This is really an FQ but I’m putting it here because it’s a trivial culture question.
The style Paul Simon is using in “The Vampire” is (to me) extremely ubiquitous and recognizable. If you told me to sit down at a piano and play “random Cuban song”, this is exactly what I (not an expert) would plink out. But I can’t put a name to the style. I don’t feel it fits to salsa, mambo, rumba, merengue, son.
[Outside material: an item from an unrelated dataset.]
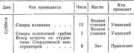 6. Клуб работает ежедневно, кроме воскресенья, с 10 часов утра до 6 часов вечера. Еженедельно вечера проводятся по субботам с 6 часов до 11 часов вечера.

Going down the YouTube rabbit hole has already been very edifying for me, and I could probably learn a lot from continuing it, but I really would just like to cut to the chase and know what exactly we call this subcategory:
Waiting for the day when AI can identify a song from me going “doot doot doot but then it’s like Tito Puente is going to come in with the timbales but he doesn’t, it’s not him, it’s a different guy, instead it’s like this slow jam but there could be a muted trumpet like bap bapa dap and sometimes they even throw in a violin”
It sounds like what is played in the campo in Cuba; the folk music, in other words. It’s quite similar to what you can hear played by The Buena Vista Social Club.
BVSC is what I keep stumbling across over and over. Definitely they do a lot of what I’m trying to get at, but I had trouble turning up any kind of stylistic description than “Afro-Cuban”. If that’s it, that’s it, but I felt like maybe that’s an approximation for one or more specific things.
That video nailed it right on the head. I knew guajira is a thing, I knew son is a thing, but I didn’t realize there was guajira-son. So I think we can go with that.
Now that you pointed it out, and I’m listening to it, it should have been pretty obvious to me. You can actually hear them singing the phrase guajira-son in many of those songs.